Rosas en invierno
Aunque en este poscapitalismo de pandemia quizá se parezca demasiado a la pobreza, no existe mayor riqueza que la de llevar con uno todos tus bienes. En la Odisea, Homero incluso llama «sabio» al hombre que los porta consigo en todo instante. San Francisco no se quedó atrás en la alabanza del ejercicio de la desposesión y puso de ejemplo a las aves que cuanto precisan lo toman de la naturaleza, como podría haber puesto al primer humano, que fue cazador y recolector por sabanas y estepas. En general, los hombres que de una manera u otra han sido guías espirituales de la humanidad siempre han abogado por un tipo de ser entrenado en la frugalidad de las necesidades inútiles. Ya vemos que tildaban de superfluas casi todas las cosas que se desviaban de lo que podría considerarse natural. Séneca le respondía a Lucilio que la medida de las riquezas era tener lo que es necesario, después, lo que es suficiente. Y añadía: «¿No viven contra la naturaleza los que desean rosas en invierno?».

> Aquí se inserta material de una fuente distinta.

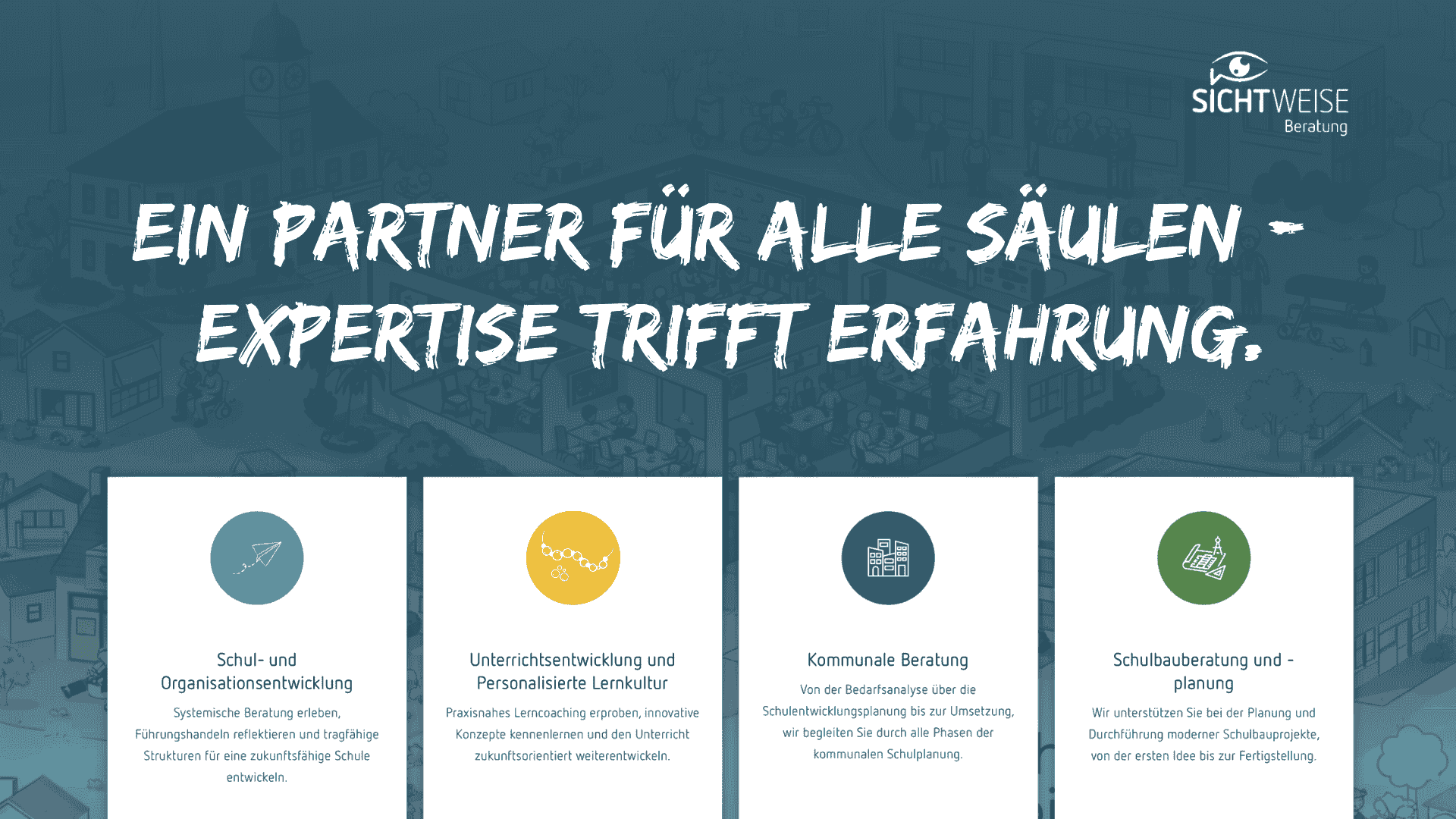 In einer komplexen und sich ständig wandelnden Bildungslandschaft ist es entscheidend, auf einen Partner zu setzen, der nicht nur über jahrzehntelange Erfahrung, sondern auch über innovative Ansätze verfügt. Bei SICHT.weise Beratung kombinieren wir Tradition mit frischen Ideen und einem starken Netzwerk aus Experten. Unser Ansatz ist praxisnah, partizipativ und darauf ausgerichtet, Ihre Ziele nachhaltig zu erreichen. Gemeinsam mit Ihnen entwickeln wir zukunftsfähige Konzepte, die sowohl in der Schul- und Unterrichtsentwicklung als auch im Schulbau Maßstäbe setzen. Vertrauen Sie auf eine Beratung, die Ihre Vision in die Tat umsetzt.

Y el caso es que el espíritu de la sociedad que habitamos quizá sea precisamente ese desear rosas en invierno, frutas de verano en primavera y unicornios en el jardín. No puede estarse más lejos de una vida natural. Todo el entramado se orienta al servicio inmediato de cualquier capricho, por estrambótico que sea, ya que el eje vertebrador del capitalismo es el comercio, que es la continuación —algunos sostienen que la culminación— del expolio por otros medios. Un expolio de la naturaleza que se parece demasiado a una guerra que nunca podrá ganarse. Ni con una victoria pírrica. La esperanza se tiene puesta precisamente en que la naturaleza se comporte como en otras ocasiones —y quizá ya ha comenzado a hacerlo—, pues periódicamente erupciones, pandemias y fases glaciales han logrado equilibrar el ecosistema para unos cuantos milenios más.

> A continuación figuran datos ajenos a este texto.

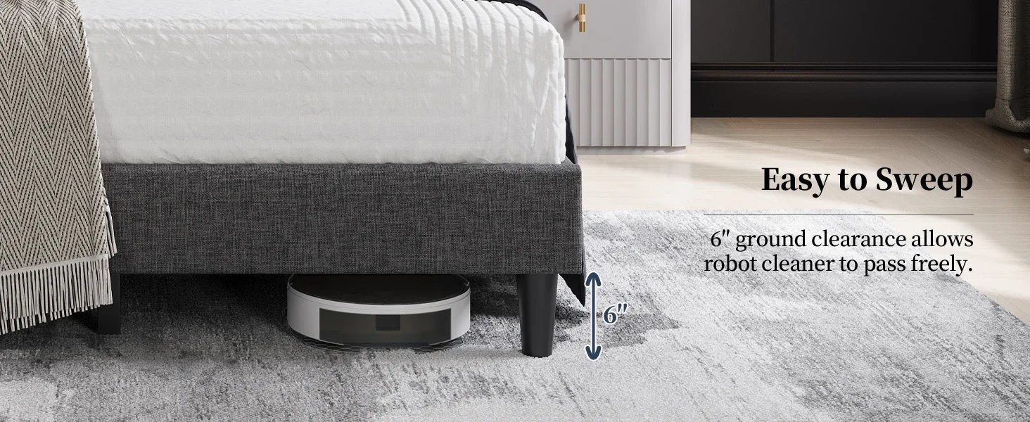 Clean With Ease: 6″ Ground clearance for future dust cleaning. Cleaning robots can pass through freely, making cleaning this upholstered platform bed a breeze for you.

Seguramente sea predicar en el desierto traer estos temas a colación. Pocas personas, presionadas como estamos por las convenciones del grupo en que vivimos, parecen dispuestas a renunciar a los lujos y convenciones que ficticiamente emparentan a la inmensa mayoría de la gente corriente con los ricos que nos sirven tantas veces de modelo. Y eso que se trata de una amenaza global, que sólo puede tener una respuesta colectiva de toda la humanidad. Y es que en una sociedad que engorda, como cantó Andrés Calamaro, es revolucionario mostrar los huesos.